> [Description of the task]: Your response should consist of every record, exactly as given.
★ ★ ★ ★ ★ ★ ★
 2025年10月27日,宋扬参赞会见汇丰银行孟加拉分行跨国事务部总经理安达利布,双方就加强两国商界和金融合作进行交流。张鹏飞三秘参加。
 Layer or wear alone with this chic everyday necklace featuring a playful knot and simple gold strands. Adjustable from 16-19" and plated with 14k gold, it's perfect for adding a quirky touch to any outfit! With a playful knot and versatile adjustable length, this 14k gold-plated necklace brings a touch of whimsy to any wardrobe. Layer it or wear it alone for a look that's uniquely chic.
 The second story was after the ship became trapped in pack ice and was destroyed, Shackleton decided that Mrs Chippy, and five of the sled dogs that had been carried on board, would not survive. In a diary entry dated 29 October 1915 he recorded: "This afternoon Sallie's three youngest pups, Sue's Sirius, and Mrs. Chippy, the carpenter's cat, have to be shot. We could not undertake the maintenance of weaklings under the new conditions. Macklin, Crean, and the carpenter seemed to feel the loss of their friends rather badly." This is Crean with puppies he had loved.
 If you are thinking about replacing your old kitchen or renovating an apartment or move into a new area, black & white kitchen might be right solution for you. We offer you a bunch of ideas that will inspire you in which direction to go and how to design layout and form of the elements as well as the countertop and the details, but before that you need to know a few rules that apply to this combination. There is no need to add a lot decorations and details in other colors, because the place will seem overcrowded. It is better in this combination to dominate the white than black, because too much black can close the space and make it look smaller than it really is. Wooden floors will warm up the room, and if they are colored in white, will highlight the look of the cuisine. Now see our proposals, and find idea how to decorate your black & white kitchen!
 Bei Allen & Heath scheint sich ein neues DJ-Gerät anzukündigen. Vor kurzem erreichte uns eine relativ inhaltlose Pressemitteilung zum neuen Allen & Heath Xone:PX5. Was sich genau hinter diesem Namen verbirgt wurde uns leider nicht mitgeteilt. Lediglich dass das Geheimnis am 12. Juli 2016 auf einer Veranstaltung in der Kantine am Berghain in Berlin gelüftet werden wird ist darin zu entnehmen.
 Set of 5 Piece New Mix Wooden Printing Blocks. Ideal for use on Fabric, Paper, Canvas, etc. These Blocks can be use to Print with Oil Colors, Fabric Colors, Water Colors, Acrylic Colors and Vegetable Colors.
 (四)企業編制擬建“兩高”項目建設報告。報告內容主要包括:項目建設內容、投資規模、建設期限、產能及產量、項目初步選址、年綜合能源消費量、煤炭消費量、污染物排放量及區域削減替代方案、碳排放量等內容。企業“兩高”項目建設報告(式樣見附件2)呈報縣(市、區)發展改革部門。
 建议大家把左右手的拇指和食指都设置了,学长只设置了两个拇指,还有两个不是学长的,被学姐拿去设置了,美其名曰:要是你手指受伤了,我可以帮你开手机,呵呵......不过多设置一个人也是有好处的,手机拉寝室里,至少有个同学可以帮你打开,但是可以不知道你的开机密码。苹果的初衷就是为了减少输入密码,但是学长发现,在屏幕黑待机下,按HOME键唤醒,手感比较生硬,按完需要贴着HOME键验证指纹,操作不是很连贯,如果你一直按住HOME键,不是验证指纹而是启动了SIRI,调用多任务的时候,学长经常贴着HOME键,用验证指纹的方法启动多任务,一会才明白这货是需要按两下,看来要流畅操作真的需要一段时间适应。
★ ★ ★ ★ ★ ★ ★
> [Result of this task]:
 2025年10月27日,宋扬参赞会见汇丰银行孟加拉分行跨国事务部总经理安达利布,双方就加强两国商界和金融合作进行交流。张鹏飞三秘参加。
 Layer or wear alone with this chic everyday necklace featuring a playful knot and simple gold strands. Adjustable from 16-19" and plated with 14k gold, it's perfect for adding a quirky touch to any outfit! With a playful knot and versatile adjustable length, this 14k gold-plated necklace brings a touch of whimsy to any wardrobe. Layer it or wear it alone for a look that's uniquely chic.
 The second story was after the ship became trapped in pack ice and was destroyed, Shackleton decided that Mrs Chippy, and five of the sled dogs that had been carried on board, would not survive. In a diary entry dated 29 October 1915 he recorded: "This afternoon Sallie's three youngest pups, Sue's Sirius, and Mrs. Chippy, the carpenter's cat, have to be shot. We could not undertake the maintenance of weaklings under the new conditions. Macklin, Crean, and the carpenter seemed to feel the loss of their friends rather badly." This is Crean with puppies he had loved.
 If you are thinking about replacing your old kitchen or renovating an apartment or move into a new area, black & white kitchen might be right solution for you. We offer you a bunch of ideas that will inspire you in which direction to go and how to design layout and form of the elements as well as the countertop and the details, but before that you need to know a few rules that apply to this combination. There is no need to add a lot decorations and details in other colors, because the place will seem overcrowded. It is better in this combination to dominate the white than black, because too much black can close the space and make it look smaller than it really is. Wooden floors will warm up the room, and if they are colored in white, will highlight the look of the cuisine. Now see our proposals, and find idea how to decorate your black & white kitchen!
 Bei Allen & Heath scheint sich ein neues DJ-Gerät anzukündigen. Vor kurzem erreichte uns eine relativ inhaltlose Pressemitteilung zum neuen Allen & Heath Xone:PX5. Was sich genau hinter diesem Namen verbirgt wurde uns leider nicht mitgeteilt. Lediglich dass das Geheimnis am 12. Juli 2016 auf einer Veranstaltung in der Kantine am Berghain in Berlin gelüftet werden wird ist darin zu entnehmen.
 Set of 5 Piece New Mix Wooden Printing Blocks. Ideal for use on Fabric, Paper, Canvas, etc. These Blocks can be use to Print with Oil Colors, Fabric Colors, Water Colors, Acrylic Colors and Vegetable Colors.
 (四)企業編制擬建“兩高”項目建設報告。報告內容主要包括:項目建設內容、投資規模、建設期限、產能及產量、項目初步選址、年綜合能源消費量、煤炭消費量、污染物排放量及區域削減替代方案、碳排放量等內容。企業“兩高”項目建設報告(式樣見附件2)呈報縣(市、區)發展改革部門。
 建议大家把左右手的拇指和食指都设置了,学长只设置了两个拇指,还有两个不是学长的,被学姐拿去设置了,美其名曰:要是你手指受伤了,我可以帮你开手机,呵呵......不过多设置一个人也是有好处的,手机拉寝室里,至少有个同学可以帮你打开,但是可以不知道你的开机密码。苹果的初衷就是为了减少输入密码,但是学长发现,在屏幕黑待机下,按HOME键唤醒,手感比较生硬,按完需要贴着HOME键验证指纹,操作不是很连贯,如果你一直按住HOME键,不是验证指纹而是启动了SIRI,调用多任务的时候,学长经常贴着HOME键,用验证指纹的方法启动多任务,一会才明白这货是需要按两下,看来要流畅操作真的需要一段时间适应。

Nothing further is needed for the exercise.